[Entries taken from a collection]
- - - - -

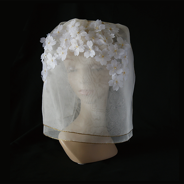 額の広範囲に桜の花をちりばめています。髪の悩みや老いた顔を
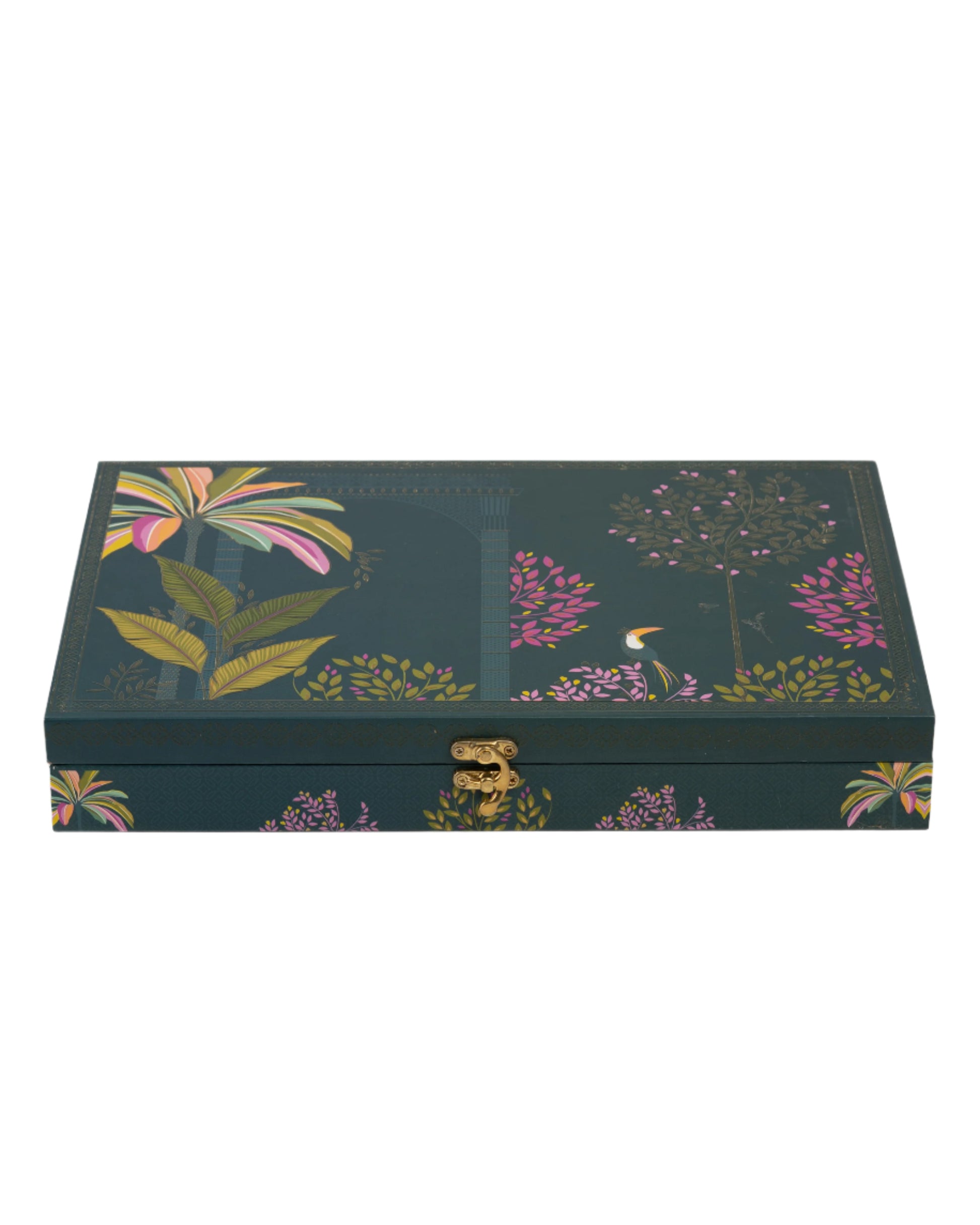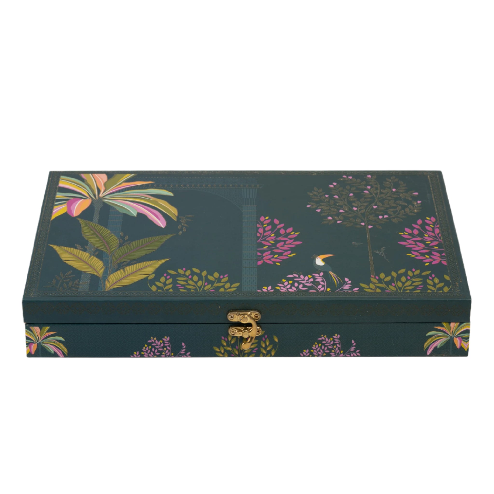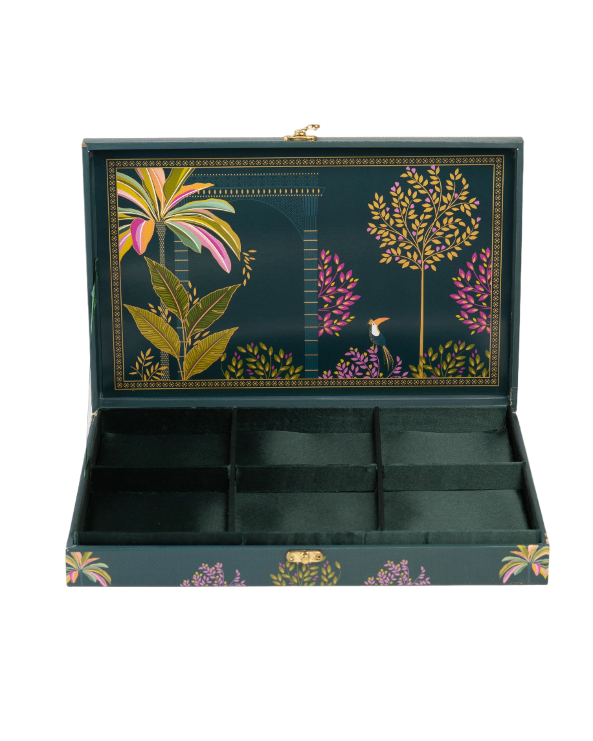 Immerse yourself in the beauty of nature with this Jungle Paradise Themed Multi Use Hamper Box, inspired by lush tropical gardens and exotic birds. Adorned with vibrant palm leaves, flowering trees, and a charming toucan illustration, this box brings a touch of the outdoors to your space.
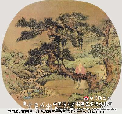 我们现鉴赏的这幅《松泉高士图》(见右下图),与大家熟悉的《寒江独钓》、《风雨归舟》、《孤帆远影》一样,都是表现高士隐逸题材的画作。 《松泉高士图》为绢本设色,纵26厘米,横27厘米,现藏于辽宁省博物馆。该作为团扇形构图。这种构图形式始于两宋。它与常见的横式、竖式构图不同,视觉上给人一种圆融...
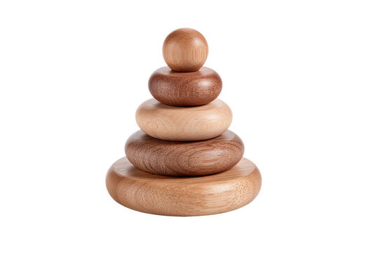 Stacked wooden discs, a natural tone, form a pyramid
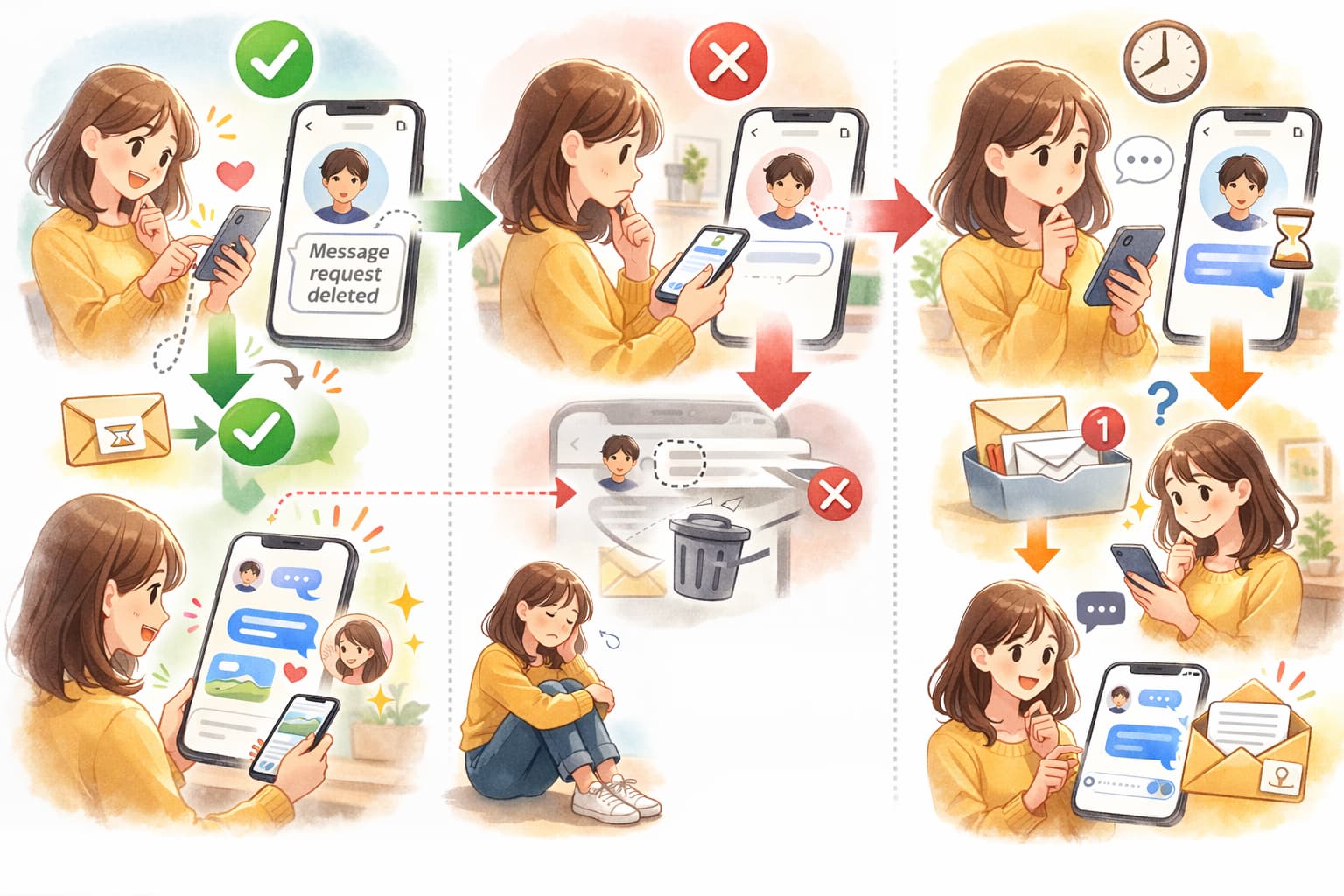 Instagramではさまざまな条件によってメッセージがリクエスト扱いになるため、まずは冷静に状況を整理することが大切です。
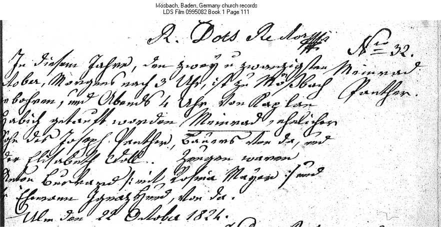 | Marriage Record Mösbach, Baden, Germany church records LDS Film 0995083 Book 1 Page 156 |
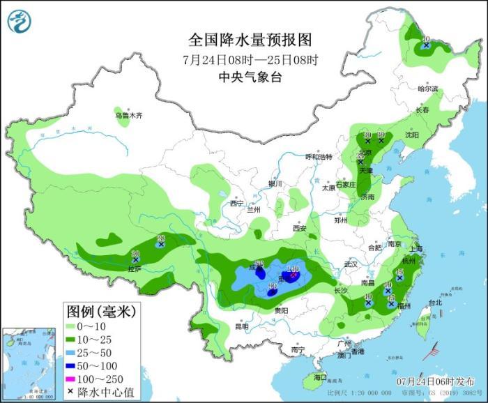 圖2 全國降水量預(yù)報圖(7月24日08時-25日08時)
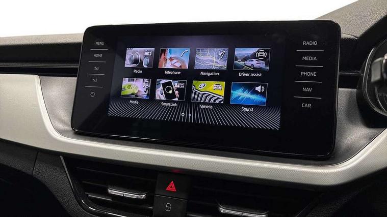 Amundsen satellite navigation with 9.2" glass colour touchscreen display, web radio, voice control and traffic sign recognition, Bluetooth system, E-call, Front assist system, Gesture control, PAS, Service indicator, Speed limiter, Wireless SmartLink for apple car play, android auto and mirrorlink, 8 Speakers, Auxiliary input socket, DAB Digital radio, Body colour bumpers, Body colour door mirrors and handles, Chrome grille surround, Dimming rear view mirror with black surround, Electrically adjustable and heated door mirrors, Front and rear electric windows, Headlight range control, Heated rear window, LED rear lights - low functionality, LED third brake light, Light sensors, Privacy glass, Rain sensor, Rear fog lights, Rear side wing doors, Rear wiper, 12V Accessory socket in centre console, 3 seat bench in 2nd row, Chrome inner door handles, Cloth upholstery, Front head restraints, Glove compartment with illumination, Height adjustable driver and front passenger seats - manual, Ice scraper, Isofix child seat fittings on outer rear seats, ISOFIX on front passenger seat, Manual lumbar support for front seats, Rake/reach adjustable steering wheel, Reading lights, Single front passenger seat, Sun visors with illumination on front passenger, Textile floor mats, Third rear headrest, Top tether for front passenger seat, Umbrella in driver's door, 3x3 point rear seatbelts, Airbags - driver and front passenger, ESP, Front passenger airbag deactivation switch, Front side airbags with curtain airbags, Hill hold control, Manual parking brake, Manual rear child locks, One tone horn, Rear disc brakes, Seatbelt reminder for driver an co-driver, Traction control, Tyre pressure monitor, Anti-theft alarm system with interior monitoring, backup horn, towing protection and remote central locking with SAFE system, Anti-theft wheel bolts, Electronic engine immobilizer, Silver haptic decorative insert on the dashboard with hot stamping in glossy black,
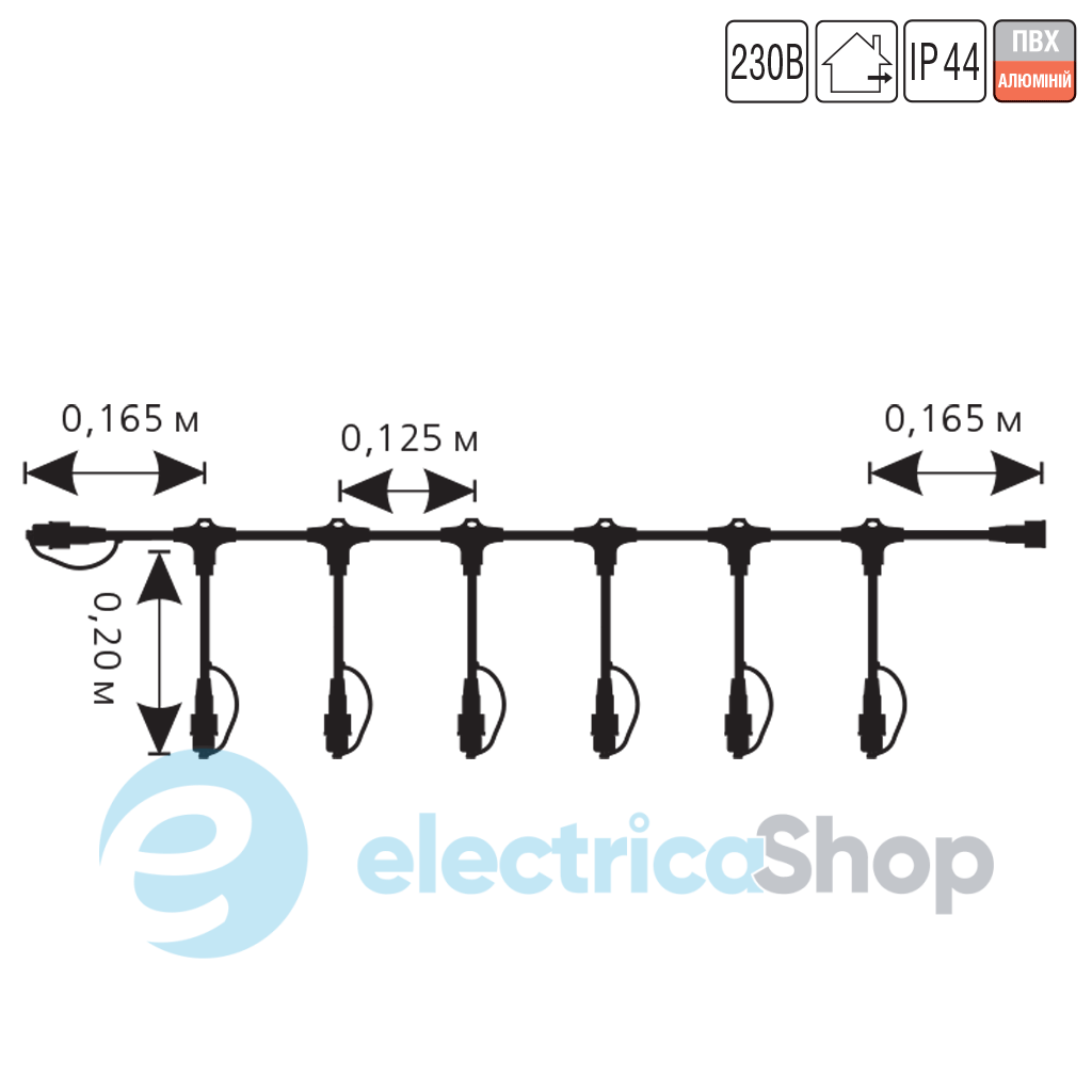 З'єднувальний конектор для вуличних гірлянд Т-подібний. Дозволяє з'єднувати аналогічні гірлянди в єдиний ланцюжок.
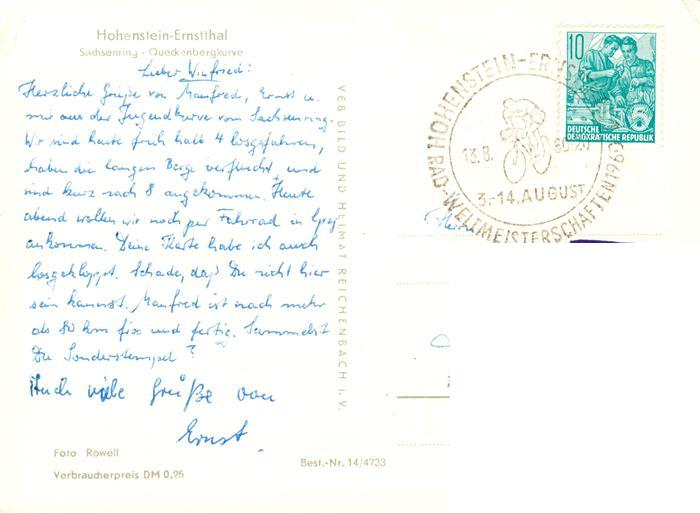 73873186 alte Postkarte Hohenstein-Ernstthal Rad-Weltmeisterschaften 1960 Erinnerungskarte postalisch gelaufen Erhaltung siehe scans [FriedD77] KatCode: 11110014173100
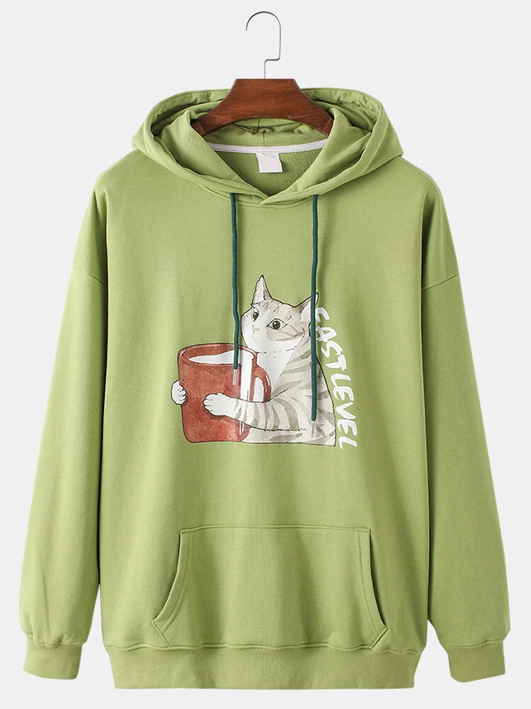 Mens Cartoon Cat Print Drop Sleeve Casual Loose Fit Kangaroo Pocket Hoodies - US$39.99
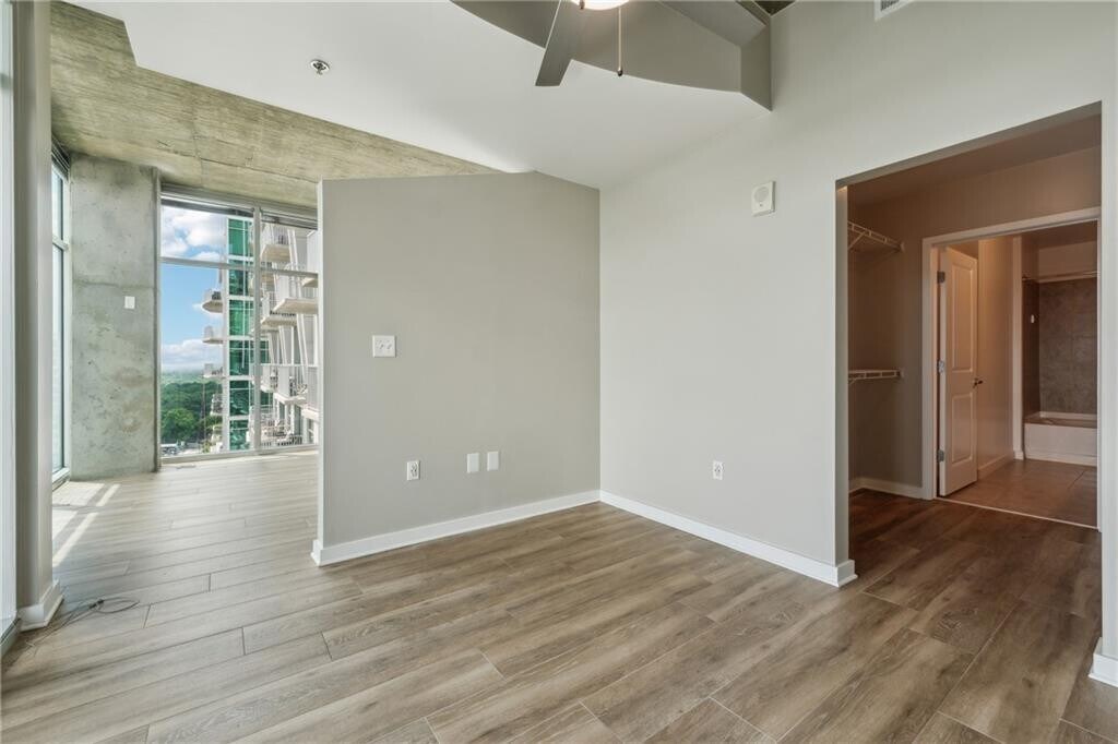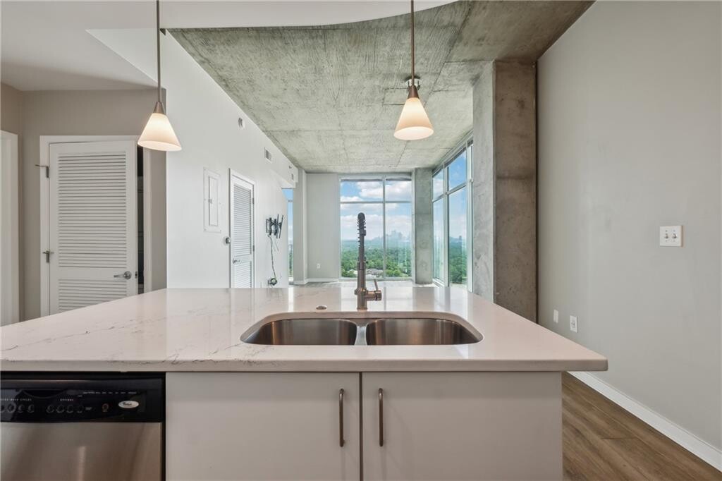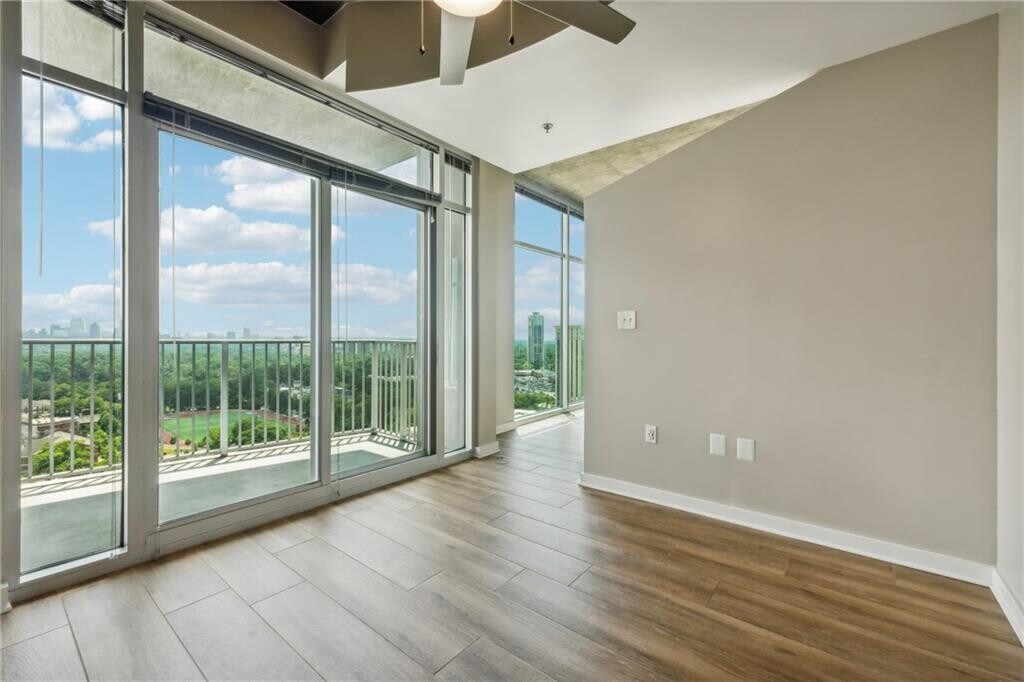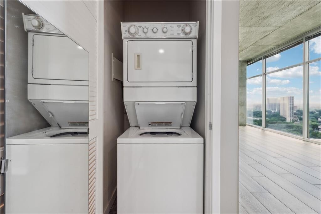 PRIME location in Buckhead! This beautiful corner unit on the 16th floor features exceptional views of the vibrant Buckhead Village District. The sought-after floorplan includes floor-to-ceiling windows with automatic blinds,an extra wall of windows,and tall ceilings that flood the space with natural light. Track lighting and hardwood floors add a touch of elegance,while new paint provides a fresh and modern feel. A The spacious kitchen features granite countertops,a kitchen island/breakfast bar,stainless steel appliances,upgraded refrigerator and dishwasher,and white cabinetry,perfect for everyday living and entertaining. A well-designed dry-bar offers thoughtful organization and additional storage in the living/dining area. The tiled laundry includes a stackable washer and dryer - with space for a wardrobe in the other half of the laundry room! An additional closet has upgraded shelving. The bedroom features automatic blinds and access to the spacious balcony. The bath features a beautiful tiled shower and spacious vanity. Upgraded walk-in closet in primary is equipped with custom shelving for ample storage and organization. Smart lighting enabled. Residents have access to exceptional amenities,including a clubroom,swimming pool,grills,a business center and a professional grade fitness center with free weights,machines,and Pelotons. A concierge service adds an extra layer of luxury and security. Located close to easy commuter and transportation options as well as the best restaurants and shopping in Atlanta! Available for 12-month lease. Tenants are responsible for all utilities.

- - - - -

> _TASK DESCRIPTION_:
With the pictures removed, the entries above should be transcribed exactly.

> _RESULT OF THE EXERCISE_:
 額の広範囲に桜の花をちりばめています。髪の悩みや老いた顔を
 Immerse yourself in the beauty of nature with this Jungle Paradise Themed Multi Use Hamper Box, inspired by lush tropical gardens and exotic birds. Adorned with vibrant palm leaves, flowering trees, and a charming toucan illustration, this box brings a touch of the outdoors to your space.
 我们现鉴赏的这幅《松泉高士图》(见右下图),与大家熟悉的《寒江独钓》、《风雨归舟》、《孤帆远影》一样,都是表现高士隐逸题材的画作。 《松泉高士图》为绢本设色,纵26厘米,横27厘米,现藏于辽宁省博物馆。该作为团扇形构图。这种构图形式始于两宋。它与常见的横式、竖式构图不同,视觉上给人一种圆融...
 Stacked wooden discs, a natural tone, form a pyramid
 Instagramではさまざまな条件によってメッセージがリクエスト扱いになるため、まずは冷静に状況を整理することが大切です。
 | Marriage Record Mösbach, Baden, Germany church records LDS Film 0995083 Book 1 Page 156 |
 圖2 全國降水量預(yù)報圖(7月24日08時-25日08時)
 Amundsen satellite navigation with 9.2" glass colour touchscreen display, web radio, voice control and traffic sign recognition, Bluetooth system, E-call, Front assist system, Gesture control, PAS, Service indicator, Speed limiter, Wireless SmartLink for apple car play, android auto and mirrorlink, 8 Speakers, Auxiliary input socket, DAB Digital radio, Body colour bumpers, Body colour door mirrors and handles, Chrome grille surround, Dimming rear view mirror with black surround, Electrically adjustable and heated door mirrors, Front and rear electric windows, Headlight range control, Heated rear window, LED rear lights - low functionality, LED third brake light, Light sensors, Privacy glass, Rain sensor, Rear fog lights, Rear side wing doors, Rear wiper, 12V Accessory socket in centre console, 3 seat bench in 2nd row, Chrome inner door handles, Cloth upholstery, Front head restraints, Glove compartment with illumination, Height adjustable driver and front passenger seats - manual, Ice scraper, Isofix child seat fittings on outer rear seats, ISOFIX on front passenger seat, Manual lumbar support for front seats, Rake/reach adjustable steering wheel, Reading lights, Single front passenger seat, Sun visors with illumination on front passenger, Textile floor mats, Third rear headrest, Top tether for front passenger seat, Umbrella in driver's door, 3x3 point rear seatbelts, Airbags - driver and front passenger, ESP, Front passenger airbag deactivation switch, Front side airbags with curtain airbags, Hill hold control, Manual parking brake, Manual rear child locks, One tone horn, Rear disc brakes, Seatbelt reminder for driver an co-driver, Traction control, Tyre pressure monitor, Anti-theft alarm system with interior monitoring, backup horn, towing protection and remote central locking with SAFE system, Anti-theft wheel bolts, Electronic engine immobilizer, Silver haptic decorative insert on the dashboard with hot stamping in glossy black,
 З'єднувальний конектор для вуличних гірлянд Т-подібний. Дозволяє з'єднувати аналогічні гірлянди в єдиний ланцюжок.
 73873186 alte Postkarte Hohenstein-Ernstthal Rad-Weltmeisterschaften 1960 Erinnerungskarte postalisch gelaufen Erhaltung siehe scans [FriedD77] KatCode: 11110014173100
 Mens Cartoon Cat Print Drop Sleeve Casual Loose Fit Kangaroo Pocket Hoodies - US$39.99
 PRIME location in Buckhead! This beautiful corner unit on the 16th floor features exceptional views of the vibrant Buckhead Village District. The sought-after floorplan includes floor-to-ceiling windows with automatic blinds,an extra wall of windows,and tall ceilings that flood the space with natural light. Track lighting and hardwood floors add a touch of elegance,while new paint provides a fresh and modern feel. A The spacious kitchen features granite countertops,a kitchen island/breakfast bar,stainless steel appliances,upgraded refrigerator and dishwasher,and white cabinetry,perfect for everyday living and entertaining. A well-designed dry-bar offers thoughtful organization and additional storage in the living/dining area. The tiled laundry includes a stackable washer and dryer - with space for a wardrobe in the other half of the laundry room! An additional closet has upgraded shelving. The bedroom features automatic blinds and access to the spacious balcony. The bath features a beautiful tiled shower and spacious vanity. Upgraded walk-in closet in primary is equipped with custom shelving for ample storage and organization. Smart lighting enabled. Residents have access to exceptional amenities,including a clubroom,swimming pool,grills,a business center and a professional grade fitness center with free weights,machines,and Pelotons. A concierge service adds an extra layer of luxury and security. Located close to easy commuter and transportation options as well as the best restaurants and shopping in Atlanta! Available for 12-month lease. Tenants are responsible for all utilities.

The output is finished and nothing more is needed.